Preocupação social sensata não é limitar o máximo que alguém pode ganhar, mas sim maximizar o que recebe o mais desfavorecido
Multiplicam-se as movimentações para conquistar o direito de gerir património alheio. A vários anos de distância, sugerem-se nomes para a presidência da Câmara do Porto, transformada em assunto nacional por causa da corrida perdida da Red Bull; os meios regionalistas nortenhos animam-se com a esperança de que um novo partido, ele sim diferente dos outros, conquiste um nível de governo local; até um respeitado bispo, num entusiasmo reivindicativo, reclama 20% do salário de uma classe profissional muito desacreditada.
Comum a tudo isto é o esquecimento da acção individual a nível privado, empurrando os problemas para os recursos do Estado ou de outrem. Custa-me debater candidaturas a funções públicas sem pensar no projecto em que aí se deverá trabalhar.

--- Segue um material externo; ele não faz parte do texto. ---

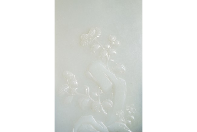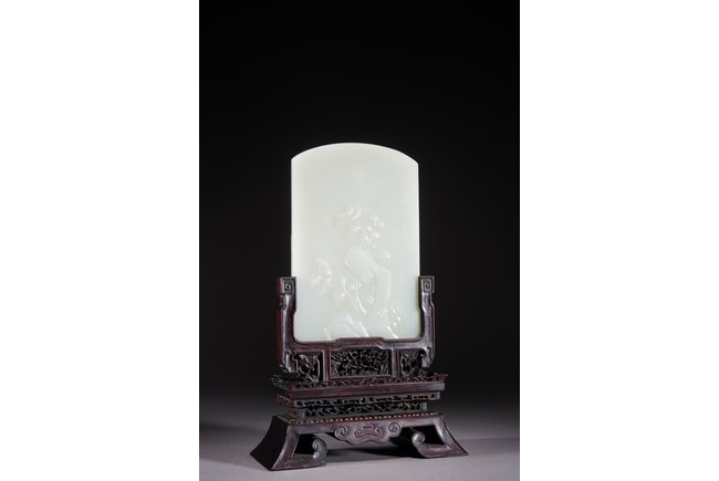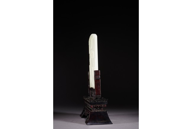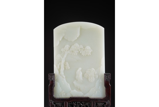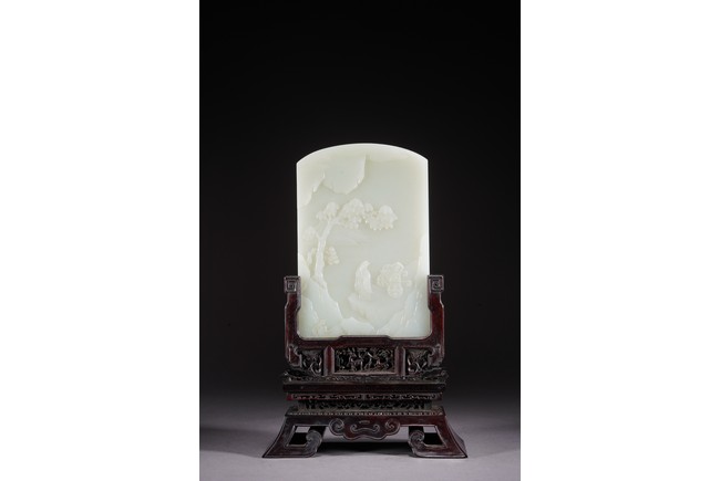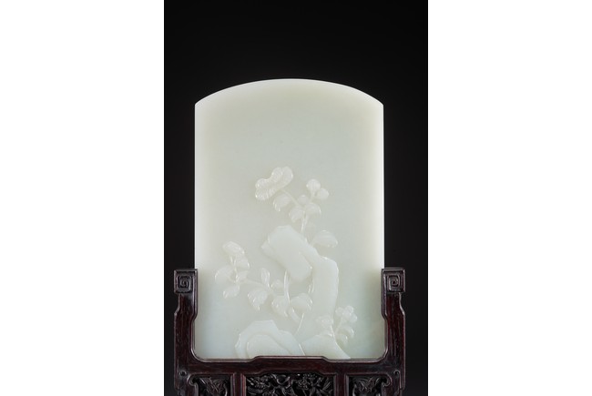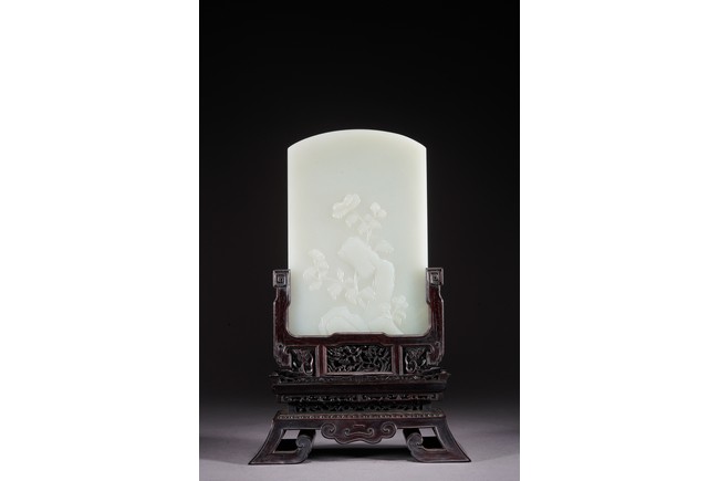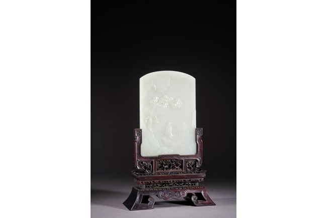 Chinese. Carved in relief to the front with a literati figure pondering underneath a pine next to a wheelchair upon a rocky outcrop, the reverse carved with chrysanthemum issuing from rockwork, the stone is of polished even white tone, all supported on well carved and pierced zitan stand. Mid Qing Dynasty period.
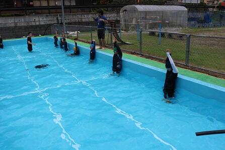 今朝は、職員室前の廊下に黒っぽいかたまりがあり、一瞬びびりましたが、よく見ると沢ガニのようです。川に近いのでプールや校舎によく遊びに来るようです。
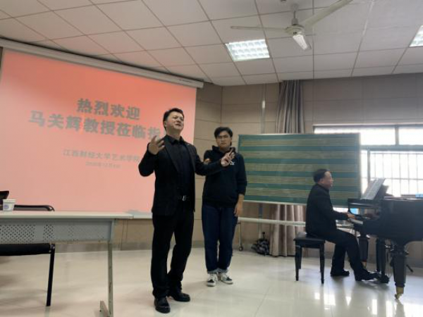 12月4日上午9时,著名的男高音歌唱家、国家一级演员、中国音乐家协会会员、贵州省青年联合会委员、贵州师范学院音乐舞蹈学院院长马关辉教授应江西财经大学艺术学院邀请,在荟庐C185报告厅作声乐公开课讲座。艺术学院音乐系师生及校外声乐爱好者们观摩聆听了本次讲座,同时对马关辉教授此次莅临指导教学表示热烈欢迎。
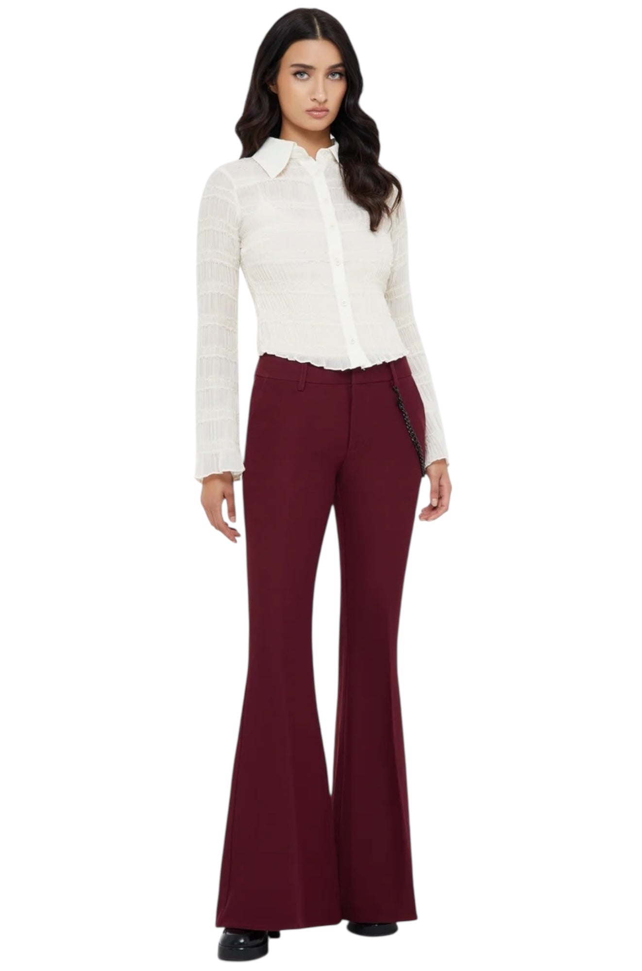 Turn heads in the Killstar Vile Vixen Flare, crafted from premium twill suiting fabric with just the right amount of stretch for all-day comfort. Featuring a classic tailored closure, functional front pockets, and a removable belt chain with the signature Killstar “K” charm, these fiery red flares are equal parts bold and timeless. Designed in Brighton, England, this mid-rise silhouette with belt loops and sharp tailoring is the must-have statement piece to spice up your wardrobe all year long.
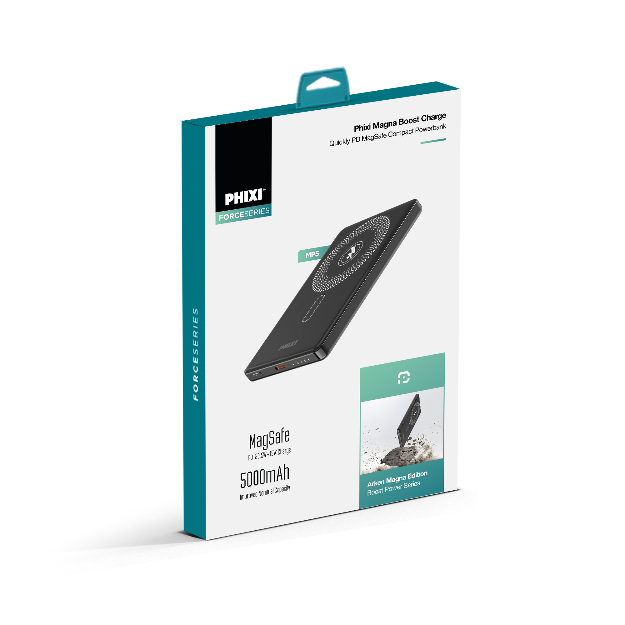PHIXI Force MP5 MagSafe Powerbank, ultra ince tasarımı ve manyetik şarj teknolojisi ile mobil şarj deneyimini pratik ve hızlı hale getirir. 5000mAh kapasitesi ve 22.5W hızlı şarj desteği sayesinde gün içinde cihazlarınızı kolayca şarj edebilirsiniz.

Custa-me ver um potencial partido esgotar a sua missão na exigência de uma reorganização territorial, quando esse objectivo poderia ser defendido transversalmente dentro das várias forças políticas já existentes. Custa-me “confiscar” 20% seja lá do que for aos políticos, e não também aos engenheiros, aos advogados, aos pescadores, aos membros do clero, ou até aos falsos recibos verdes que Serralves agora acabou por reconhecer. Preocupação social sensata não é limitar o máximo que alguém pode ganhar, mas sim maximizar o que recebe o mais desfavorecido.

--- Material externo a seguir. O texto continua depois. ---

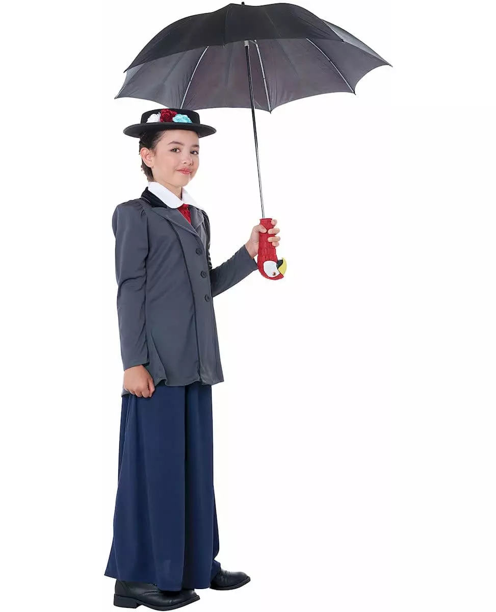 En engelsk barnepike med mer enn ett triks i ermet! Dette engelske barnepikekostymet er for barn. Det består av en jakke, et skjørt, en hatt, en skjortekrage, et slips, tre falske blomster og et paraplyhåndtak (paraply og sko er ikke inkludert). Skjørtet er langt, og jakken er utsmykket med svarte detaljer. Sistnevnte kompletteres med en hvit skjortekrage og et rødt slips. Når det gjelder tilbehør, er hatten svart, og de tre røde, blå og hvite blomstene dekorerer den. Til slutt er paraplyhåndtaket lagt til for mer realisme! For å legemliggjøre den mest berømte av engelske barnepiker, vil dette komplette kostymet være ideelt for en karaktertema-utkledningsfest! Materiale: 100 % polyester. Inkludert tilbehør: Jakke, skjørt, hatt med blomster, paraplyhåndtak, skjortekrage, slips. Stell: Håndvask.
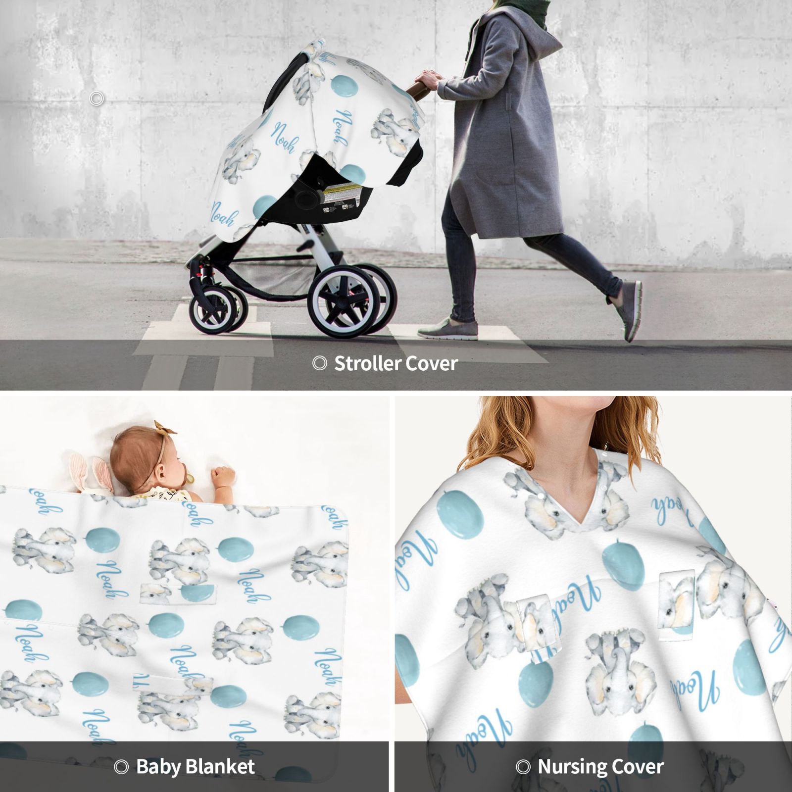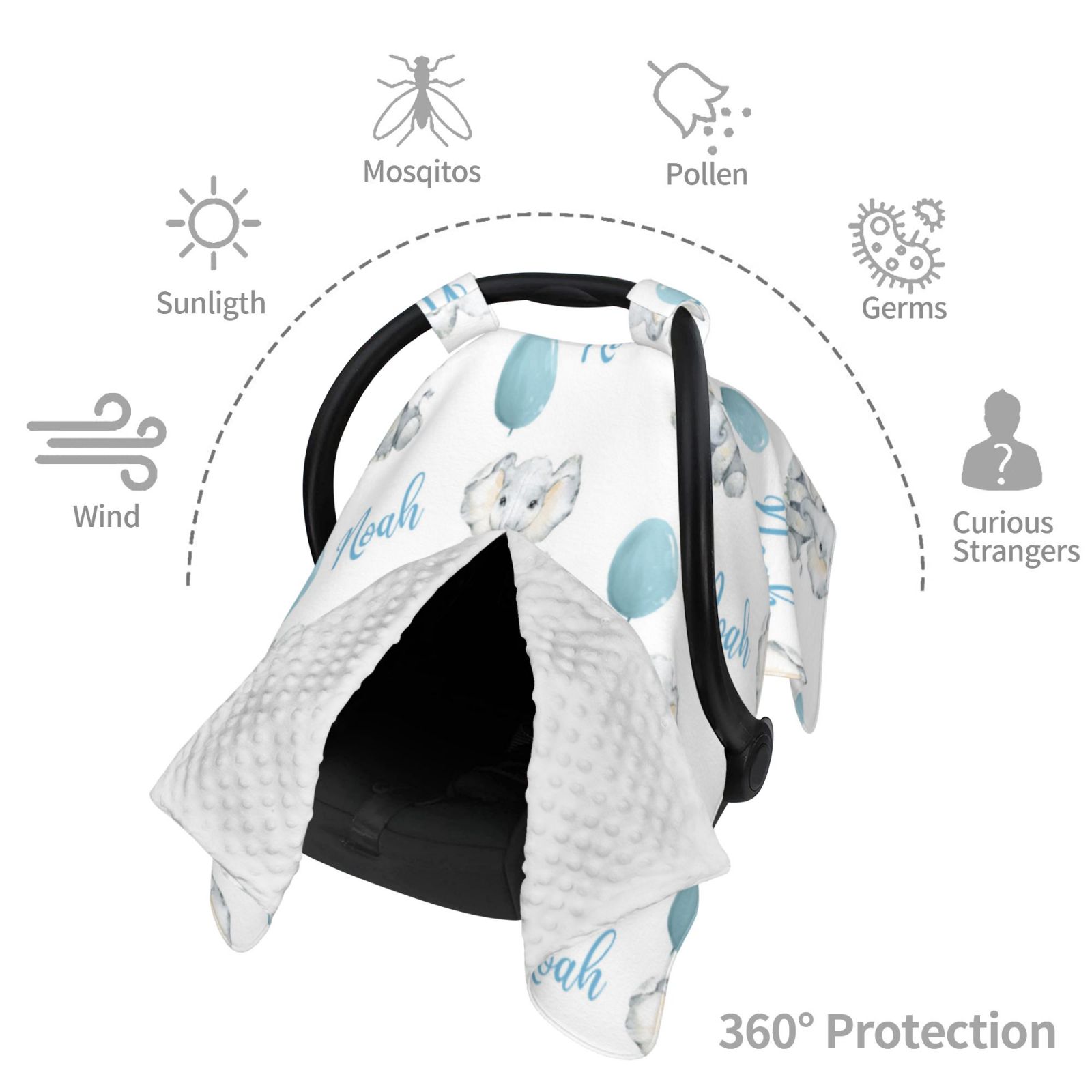 Personalized Baby Elephant Car Seat Canopy for Comfort & Unique| C12
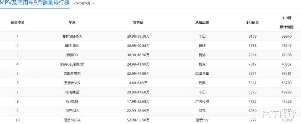 9月MPV市场格局迎来剧烈震荡,TOP 10排名颠覆过往认知,曾经的标杆车型纷纷移位,黑马车型强势突围,让网友直呼“没想到”。
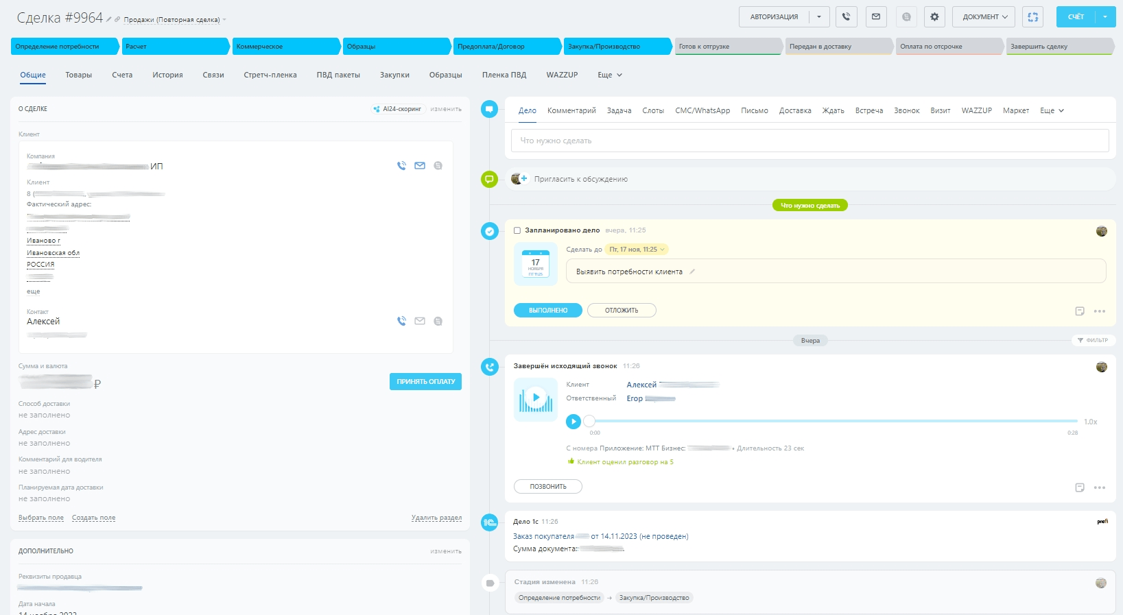 Собрали все нужные данные по сделке (заказу) в одном месте: это и данные клиента, сумма, способ, планируемая дата и адрес доставки, планируемая дата отгрузки и др. данные, которые в любой момент можно зайти и посмотреть.

Eis um exemplo, não inédito, de uma reunião de esforços que só depende da vontade dos intervenientes: criar um fundo privado de gestão de arrendamentos que vença a relutância dos proprietários em passarem a ser senhorios, garantindo-lhes uma receita segura (mesmo que não muito alta) e isolando-os das imperfeições do sistema de justiça. Vamos acabar por descobrir que, apesar de tudo, ainda temos dinheiro a mais e só quando o perdermos não restará outro remédio senão sermos racionais.